Wednesday, March 10, 2010

abstract sculpture

It was in the first half of the twentieth century that sculptors began eliciting equal measures of awe and opprobrium for exhibiting pieces to which it seemed hard to put a name, works that both lacked an interest in the mimetic ambitions that had dominated Western sculpture since the Ancient Greeks and, despite a certain resemblance to domestic furnishings, had no practical capacities either.

Yet, notwithstanding these limitations, abstract artists argued that their sculptures were capable of articulating the greatest of themes. Many critics agreed. Hebert Read described Henry Moores work as a treatise on human kindness and cruelty in a world from which God had recently departed, while for Alberto Giacomettis sculptures expressed the loneliness and desire of man alienated from his authentic self in industrial society.


Henry Moore - Two Forms (1934)


It may be easy to laugh at the grandiloquence of claims directed at objects which on occasion resemble giant earplugs or upturned lawnmowers. But, instead of accusing critics of reading too much into too little, we should allow abstract sculptures to demonstrate to us the range of thoughts and emotions that every kind of non-representational object can convey. The gift of the most talented sculptors has been to teach us that large ideas, for example, about intelligence or kindness, youth or serenity, can be communicated in chunks of wood and string, or in plaster and metal contraptions, as well as they can in words or in human or animal likenesses. The great abstract sculptures have succeeded in speaking to us, in their peculiar dissociated language, of the important themes of our lives.


Alberto Giacometti - Hour of the Traces (1930)

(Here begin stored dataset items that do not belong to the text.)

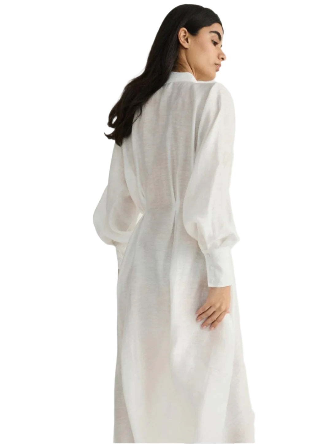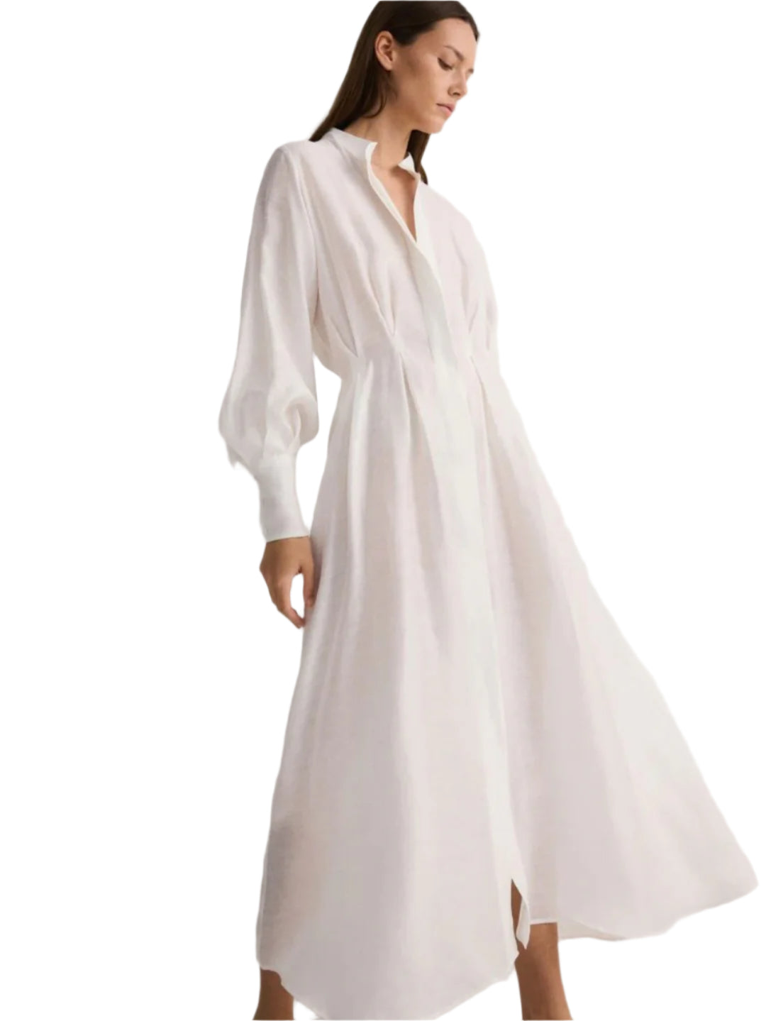 Címke nélküli, elegáns fehér midi ruha, könnyed és légies anyagból. Hosszú, puffos ujjak mandzsettával, V-kivágású galléros nyakrész és derékhangsúlyos szabás teszi különlegessé. Lágy esésű szoknyarésszel és finom nőies vonalvezetéssel ideális választás alkalmi vagy elegáns hétköznapi viseletre.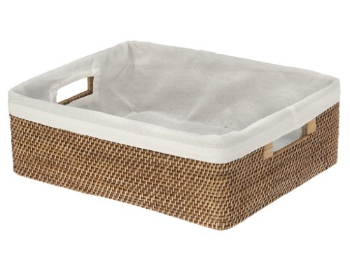 Woven by hand from natural rattan, this honey-brown shelf basket offers ample storage space while displaying a unified, streamlined appearance. Use to show off decorative accents, organize mail, books or magazines, or corral unsightly clutter to create a coordinating, clean look. A cotton liner in an off-white hue softens the look and offers protection for delicate contents, while durable handles offer easy portability.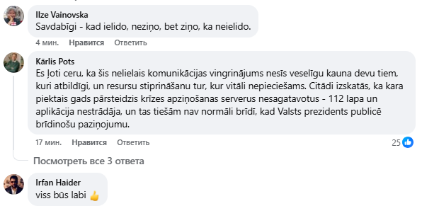 Президент Эдгар Ринкевич также опубликовал в Facebook запись, в которой пишет, что существует возможная угроза в воздушном пространстве, сославшись на информацию приложения “112”. Между тем, жители Латвии стали писать в комментариях к посту президента, что сайт “112” не открывается. И глава государства пост удалил.

In turn, these sculptures afford us an opportunity to focus with unaccustomed intensity on the communicative powers of all objects, including our buildings and their furnishings. Inspired by a museum visit, we may scold ourselves for our previous prosaic belief that a salad bowl is only a salad bowl, rather than, in truth, an object over which there linger faint but meaningful associations of wholeness, the feminine and the infinite. We can look at a practical entity like a desk, a column or an entire apartment building and here, too, locate abstract articulations of some of the important themes of our lives.